**Exercise details:** Nothing below is to be printed except the lines between the line holding "Alumnos y profesores" and the line holding "Kresba Miroslav Fojtík", inclusive, each exactly as it appears.

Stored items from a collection
━━━━━━━━━━━━━━━━

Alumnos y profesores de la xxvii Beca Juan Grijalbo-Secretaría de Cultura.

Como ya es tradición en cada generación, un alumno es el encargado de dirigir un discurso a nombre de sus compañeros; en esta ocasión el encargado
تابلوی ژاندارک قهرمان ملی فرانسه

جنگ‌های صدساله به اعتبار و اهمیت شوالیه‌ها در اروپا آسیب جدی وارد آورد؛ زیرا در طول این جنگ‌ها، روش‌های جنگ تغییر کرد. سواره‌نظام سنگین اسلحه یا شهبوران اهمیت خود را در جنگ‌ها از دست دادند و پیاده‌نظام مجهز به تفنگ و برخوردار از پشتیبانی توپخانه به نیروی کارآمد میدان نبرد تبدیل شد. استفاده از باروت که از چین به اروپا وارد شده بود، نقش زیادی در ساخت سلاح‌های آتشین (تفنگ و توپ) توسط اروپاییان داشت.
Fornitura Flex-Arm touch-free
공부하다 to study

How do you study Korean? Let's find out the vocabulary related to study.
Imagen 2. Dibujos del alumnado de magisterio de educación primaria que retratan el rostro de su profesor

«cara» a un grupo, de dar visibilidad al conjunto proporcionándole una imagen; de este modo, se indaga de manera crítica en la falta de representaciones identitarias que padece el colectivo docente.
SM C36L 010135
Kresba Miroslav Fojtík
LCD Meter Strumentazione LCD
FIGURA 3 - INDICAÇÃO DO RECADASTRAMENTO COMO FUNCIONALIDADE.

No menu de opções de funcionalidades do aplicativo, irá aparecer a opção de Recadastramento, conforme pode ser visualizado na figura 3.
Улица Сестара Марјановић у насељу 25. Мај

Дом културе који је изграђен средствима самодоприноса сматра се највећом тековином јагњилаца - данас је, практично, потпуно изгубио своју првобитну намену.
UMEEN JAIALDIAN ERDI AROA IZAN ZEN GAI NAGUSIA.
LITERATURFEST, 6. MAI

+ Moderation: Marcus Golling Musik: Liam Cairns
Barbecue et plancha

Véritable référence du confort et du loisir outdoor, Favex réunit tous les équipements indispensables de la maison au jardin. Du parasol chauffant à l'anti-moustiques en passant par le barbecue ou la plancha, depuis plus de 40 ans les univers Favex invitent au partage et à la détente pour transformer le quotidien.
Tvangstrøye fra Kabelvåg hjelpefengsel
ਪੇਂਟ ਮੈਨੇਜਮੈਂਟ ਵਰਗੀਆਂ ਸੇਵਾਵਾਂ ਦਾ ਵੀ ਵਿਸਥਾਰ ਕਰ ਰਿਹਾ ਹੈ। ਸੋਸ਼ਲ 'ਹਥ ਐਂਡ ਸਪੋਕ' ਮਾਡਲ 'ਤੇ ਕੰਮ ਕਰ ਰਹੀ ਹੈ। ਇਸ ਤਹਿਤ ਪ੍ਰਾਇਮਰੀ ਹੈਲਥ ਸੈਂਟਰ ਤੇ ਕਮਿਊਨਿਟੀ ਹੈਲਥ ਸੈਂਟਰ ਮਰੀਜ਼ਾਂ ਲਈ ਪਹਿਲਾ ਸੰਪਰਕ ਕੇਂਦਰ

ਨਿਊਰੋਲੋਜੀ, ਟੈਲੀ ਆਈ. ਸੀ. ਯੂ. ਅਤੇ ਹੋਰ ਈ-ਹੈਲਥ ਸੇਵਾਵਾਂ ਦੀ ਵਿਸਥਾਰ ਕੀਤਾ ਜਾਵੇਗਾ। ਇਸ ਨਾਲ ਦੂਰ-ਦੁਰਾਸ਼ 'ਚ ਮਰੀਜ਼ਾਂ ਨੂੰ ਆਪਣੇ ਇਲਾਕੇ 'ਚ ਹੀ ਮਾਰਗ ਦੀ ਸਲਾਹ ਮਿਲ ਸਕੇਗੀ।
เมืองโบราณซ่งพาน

━━━━━━━━━━━━━━━━

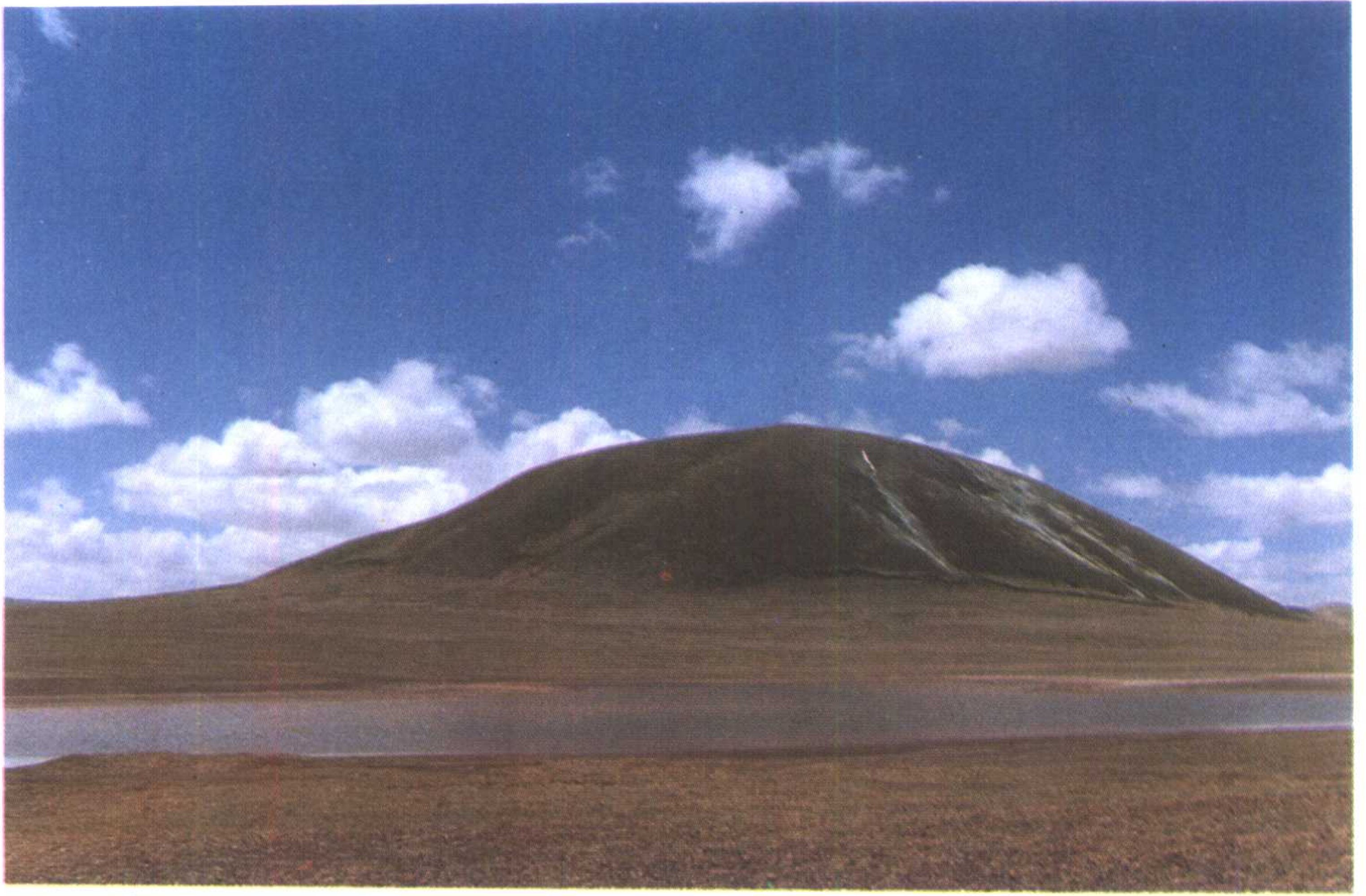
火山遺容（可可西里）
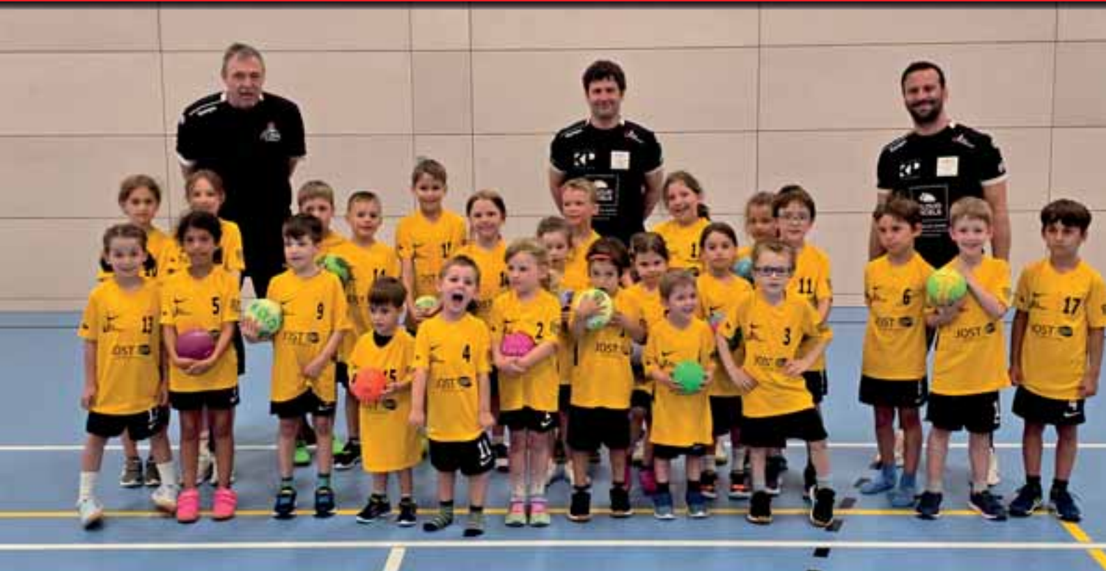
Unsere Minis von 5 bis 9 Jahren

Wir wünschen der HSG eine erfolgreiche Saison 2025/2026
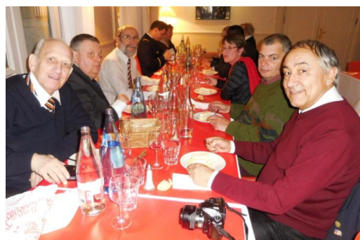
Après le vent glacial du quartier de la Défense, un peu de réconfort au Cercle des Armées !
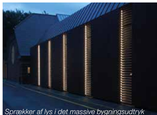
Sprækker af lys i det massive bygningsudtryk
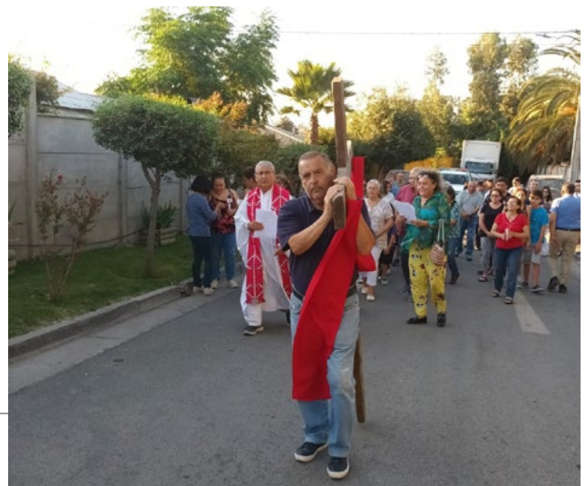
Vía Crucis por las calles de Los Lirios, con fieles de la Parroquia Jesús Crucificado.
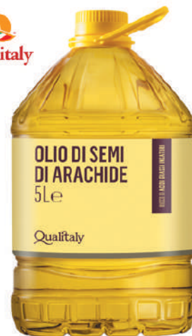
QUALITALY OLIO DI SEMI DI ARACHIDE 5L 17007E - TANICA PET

━━━━━━━━━━━━━━━━

**Response below:**
Alumnos y profesores de la xxvii Beca Juan Grijalbo-Secretaría de Cultura.

Como ya es tradición en cada generación, un alumno es el encargado de dirigir un discurso a nombre de sus compañeros; en esta ocasión el encargado
تابلوی ژاندارک قهرمان ملی فرانسه

جنگ‌های صدساله به اعتبار و اهمیت شوالیه‌ها در اروپا آسیب جدی وارد آورد؛ زیرا در طول این جنگ‌ها، روش‌های جنگ تغییر کرد. سواره‌نظام سنگین اسلحه یا شهبوران اهمیت خود را در جنگ‌ها از دست دادند و پیاده‌نظام مجهز به تفنگ و برخوردار از پشتیبانی توپخانه به نیروی کارآمد میدان نبرد تبدیل شد. استفاده از باروت که از چین به اروپا وارد شده بود، نقش زیادی در ساخت سلاح‌های آتشین (تفنگ و توپ) توسط اروپاییان داشت.
Fornitura Flex-Arm touch-free
공부하다 to study

How do you study Korean? Let's find out the vocabulary related to study.
Imagen 2. Dibujos del alumnado de magisterio de educación primaria que retratan el rostro de su profesor

«cara» a un grupo, de dar visibilidad al conjunto proporcionándole una imagen; de este modo, se indaga de manera crítica en la falta de representaciones identitarias que padece el colectivo docente.
SM C36L 010135
Kresba Miroslav Fojtík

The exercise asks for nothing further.